The expression 'income' includes not merely what is received or what comes in by exploiting the use of a property but also what one saves by using it oneself. That which can be converted into income can be reasonably regarded as giving rise to income, Bhagwan Dass Jain v. Union of India, AIR 1981 SC 907: (1981) 2 SCC 135: (1981) 2 SCR 808.
The expression 'income' in Entry 82, List I cannot be subjected, by implication, to any restriction by the way in which that term might have been deployed in a fiscal statute. The expression 'income' in the legislative entry has always been understood in a wide and comprehensive connotation to embrace within it every kind of receipt or gain either of a capital nature or of a revenue nature, Elel Hotels and Investments Ltd. v. Union of India, AIR 1990 SC 1664: (1989) 3 SCC 698.
The word 'income', ordinarily in normal sense, connotes any earning or profit or gain periodically, regularly or even daily in whatever manner and from whatever source. Thus it is a word of very wide import, Universal Radiators v. CIT, AIR 1993 SC 2254 (2256): (1993) 2 SCC 629.
Prize money received by the participant in a Motor Rally is 'income' and is liable to tax, CIT v. G.R. Karthikeyan, AIR 1993 SC 1671 (1675). [Income-tax Act, 1961, s. 2(24)]

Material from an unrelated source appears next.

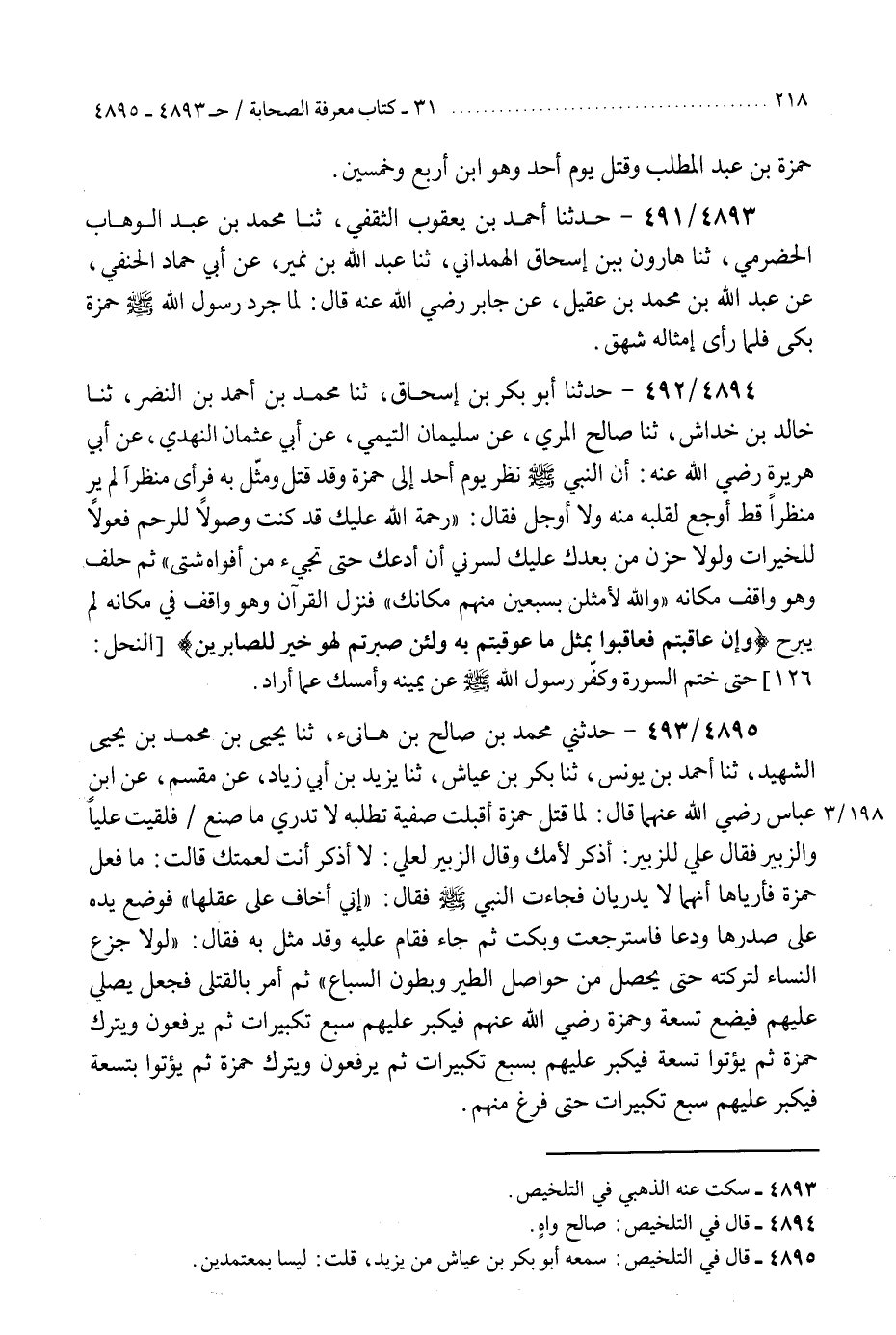 4893 - حَدَّثَنَا أَحْمَدُ بْنُ يَعْقُوبَ الثَّقَفِيُّ، ثنا مُحَمَّدُ بْنُ عَبْدِ الْوَهَّابِ الْحَضْرَمِيُّ، ثنا هَارُونُ بْنُ إِسْحَاقَ الْهَمْدَانِيُّ، ثنا عَبْدُ اللَّهِ بْنُ نُمَيْرٍ، عَنْ أَبِي حَمَّادٍ الْحَنَفِيِّ، عَنْ عَبْدِ اللَّهِ بْنِ مُحَمَّدِ بْنِ عَقِيلٍ، عَنْ جَابِرٍ رَضِيَ اللَّهُ عَنْهُ، قَالَ: §«لَمَّا جَرَّدَ رَسُولُ اللَّهِ صَلَّى اللهُ عَلَيْهِ وَسَلَّمَ حَمْزَةَ بَكَى، فَلَمَّا رَأَى إِمْثَالَهُ شَهِقَ» K4893 - سكت عنه الذهبي في التلخيص

The terms 'income' is elastic and has a wide connotation. Whatever comes in or is received, is income. But, however wide the import and connotation of the term 'income', it is incapable of being understood as meaning receipt having no nexus to one's labour, or expertise, or property, or investment, and having further a source which may or may not yield a regular revenue. These essential characteristics are vital in understanding the term 'income'. Therefore, it can be said that, though 'income' is receipt in the hand of its receipt, every receipt would not partake the character of income. Qua the public servant, whatever return he gets from his service, will be the primary item of his income. Other incomes which conceivably are income qua the public servant, will be in the regular receipt from (a) his property, or (b) his investment. A receipt from windfall, or gains of graft, crime or immoral secretions by persons prima facie would not be receipt from the 'known sources of income' of a public servant, State of Madhya Pradesh v. Awadh Kishore Gupta, (2004) 1 SCC 691 (697): AIR 2004 SC 517. [Prevention of Corruption Act, 1988, s. 13(1)(e)]
Income Travelling allowance is not a source of income, R. Janaht Raman v. State, (2006) 1 SCC 697.

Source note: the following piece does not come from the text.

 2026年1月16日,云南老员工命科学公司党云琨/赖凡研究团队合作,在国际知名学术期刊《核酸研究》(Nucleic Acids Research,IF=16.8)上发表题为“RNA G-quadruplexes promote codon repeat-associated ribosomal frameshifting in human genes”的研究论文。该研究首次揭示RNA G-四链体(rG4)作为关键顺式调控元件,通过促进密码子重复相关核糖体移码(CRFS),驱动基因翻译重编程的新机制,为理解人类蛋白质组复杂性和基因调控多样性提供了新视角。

Income, that monthly sums paid by a husband to his wife (who was adjudicated bankrupt) ' under a covenant in deed executed during the pendency of the wife's application for an order for maintenance on dissolution of their marriage, constituted 'income' within section 51(2) of the English Bankruptcy Act, 1914, P. Veerasamy v. Official Assignee, (1999) 2 SCC 505.
Maintenance ordered to be paid by the Divorce Division to a bankrupt wife during the joint lives of herself and her former husband, was held to be 'income', Landau case, (1934) Ch 549 (554, 556): 151 LT 190 (CA).
Was to be construed 'ejusdem generis' like salary, Huttan, Benwell Ex parte, (1884) 14 QBD 301 (307) (CA).
Means income in the nature of salary and it has reference to a particular period such as a year or some part of a year, Mulla, Law of Insolvency, 3rd Edn., 1977, p. 459.